It is this hybridity that makes Musk a uniquely powerful figure for strategic framing within Turkey’s polarized media landscape. His global persona is often ‘domesticated’ through symbolic alignments that adapt his image to local ideological needs. In pro-government media, for instance, he is frequently framed through laudatory comparisons to national figures like Selçuk Bayraktar, a recurring trope in the Turkish press. As President Erdoğan’s son-in-law and the internationally recognized architect of Turkey’s formidable military drone program, Bayraktar has become a powerful symbol of national innovation and geopolitical assertiveness. This frequent framing positions both Musk and Bayraktar as parallel visionaries of technological independence. This process allows Musk’s symbolic capital to be instrumentalized, serving as a powerful resource for narratives that intersect with Turkey’s national interests, its relationship with the West, and its own internal culture wars. These symbolic equivalences show how Turkish media localize global figures, transforming them into vehicles for moral and national narratives—a process that underpins what this study terms the ‘Musk Effect’.
Tracing the Narrative in a Polarized Landscape
Having established the analytical framework, this section outlines the narrative logics that organize Turkish media representations of Elon Musk and Donald Trump. Rather than restating procedural details, it explains how specific discursive patterns—innovation, leadership, and morality—structure the transition from textual features to ideological meaning. To trace the construction of narratives surrounding Musk and Trump in ideologically polarized Turkish media, the study adopts an integrated qualitative design combining systematic content analysis with critical discourse analysis. This two-stage approach allows for both a structured mapping of framing patterns and a deeper interpretive examination of their ideological and historical underpinnings (Jensen, 2002; Wodak, 2015). The integration of these approaches constitutes a form of methodological triangulation (Flick, 2004), enhancing credibility through the convergence of complementary analytical perspectives.
The sample includes 144 news and opinion articles drawn from four national dailies representing Turkey’s ideological spectrum: the pro-government conservative Yeni Şafak and Sabah, the secular-nationalist Sözcü, and the socialist-left Evrensel.
These outlets were selected not merely for their political alignment but for the distinct sociological segments they command.
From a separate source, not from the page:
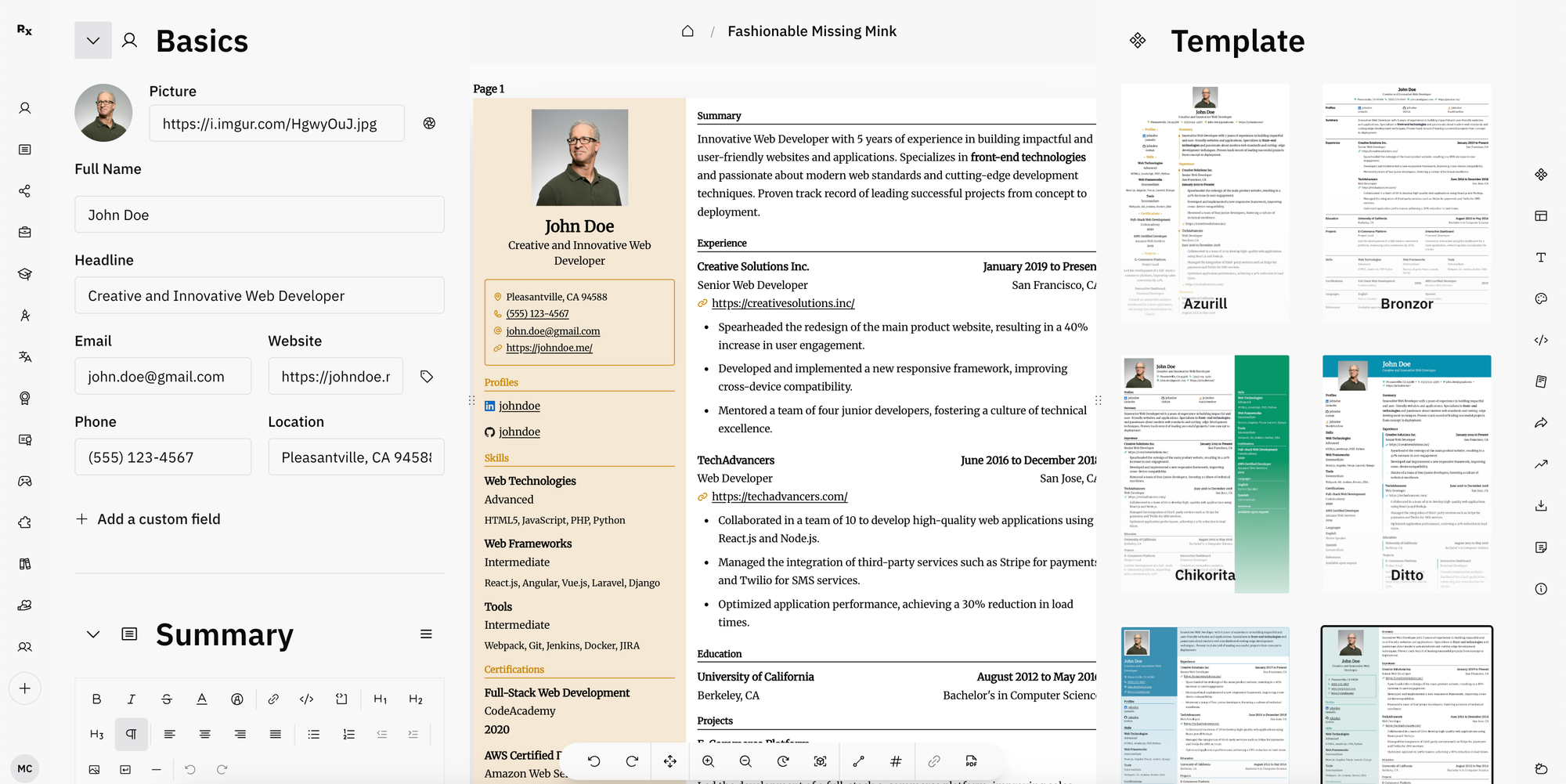 In addition to all the options and challenges mentioned above, there is an amazing open-source tool called RxResume that is designed to help with creating and sharing visually appealing resumes:

Sabah, a mass-market daily owned by the pro-government Turkuvaz Media Group, functions as the primary agenda-setter for the ruling Justice and Development Party (AKP), effectively operating as the flagship of the government’s populist coalition. Yeni Şafak, while lower in circulation, serves as a theoretical hub for the country’s Islamist intelligentsia, articulating the ideological foundations of the government’s ‘New Turkey’ project. On the opposition front, Sözcü represents the secular-nationalist (Kemalist) mainstream; it is one of the country’s highest-circulation newspapers, combining fierce anti-government critique with a hawkish, state-centric approach to foreign policy. Finally, Evrensel serves as a key voice for the socialist left and labor unions, offering a structural critique of capitalism that differs sharply from the nationalist opposition of Sözcü. This selection ensures the analysis captures not just a binary government-opposition split, but the distinct Islamist, Nationalist, and Socialist inflections of Turkish political discourse.
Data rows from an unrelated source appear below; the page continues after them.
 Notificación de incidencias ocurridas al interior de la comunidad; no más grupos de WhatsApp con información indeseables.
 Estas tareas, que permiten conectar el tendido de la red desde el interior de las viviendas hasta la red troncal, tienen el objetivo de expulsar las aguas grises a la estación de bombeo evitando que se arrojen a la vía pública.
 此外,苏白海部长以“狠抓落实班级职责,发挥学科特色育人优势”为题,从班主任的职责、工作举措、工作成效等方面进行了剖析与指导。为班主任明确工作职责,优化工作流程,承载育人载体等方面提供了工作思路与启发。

Articles were identified via targeted keyword searches (‘Elon Musk’, ‘Donald Trump’) using Google Advanced Search and outlet-specific databases. This purposive selection ensured ideological breadth and thematic relevance within the polarized Turkish press, consistent with Hallin and Mancini’s (2004) polarized pluralist model. Each article was examined for evaluative tone, thematic focus, ideological markers such as populist nationalism, techno-optimism, and anti-Westernism, as well as for recurring discursive strategies. Quantitative frequencies were used descriptively to illustrate distributional patterns across outlets, complementing qualitative interpretation rather than serving as an independent statistical analysis.
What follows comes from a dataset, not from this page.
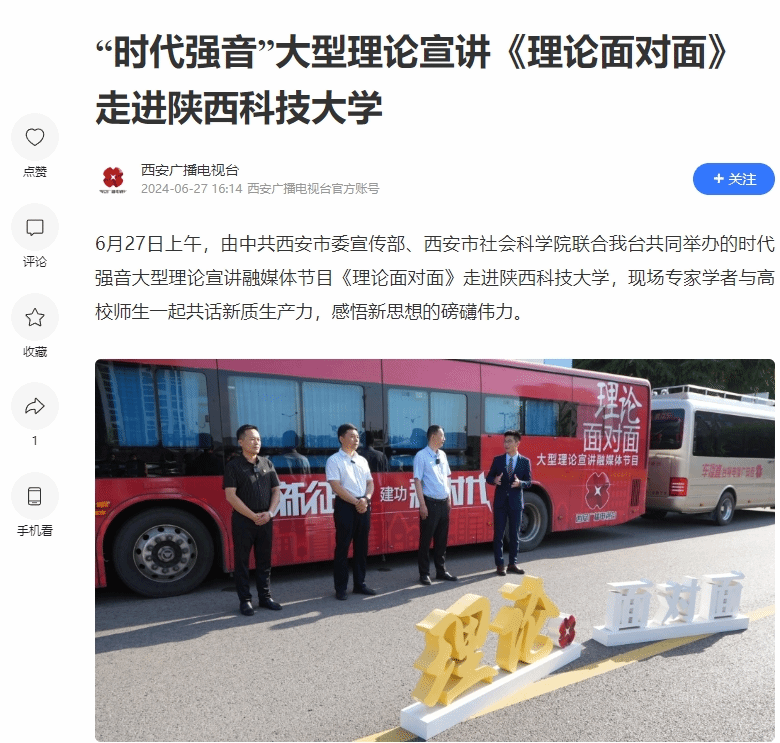 西安廣播電視臺(tái)官方微博:“時(shí)代強(qiáng)音”大型理論宣講《理論面對(duì)面》走進(jìn)陜西科技大學(xué)

In the second stage, discourse-historical analysis (Wodak, 2015) was applied to explore how language constructs national identity, political antagonism, and symbolic alignment. Van Dijk’s (1998) ideological square guided the mapping of binary oppositions—particularly the moral dichotomy of ‘us’ (national, rational, virtuous) versus ‘them’ (foreign, corrupt, irrational). Together, these frameworks enabled a layered understanding of how global figures are domesticated within Turkish ideological discourse. Throughout the process, triangulation operated at multiple levels, including data triangulation through the analysis of ideologically diverse outlets, methodological triangulation through the integration of content and discourse analysis, and theoretical triangulation through the dialogue between framing, critical discourse analysis, and soft power theory.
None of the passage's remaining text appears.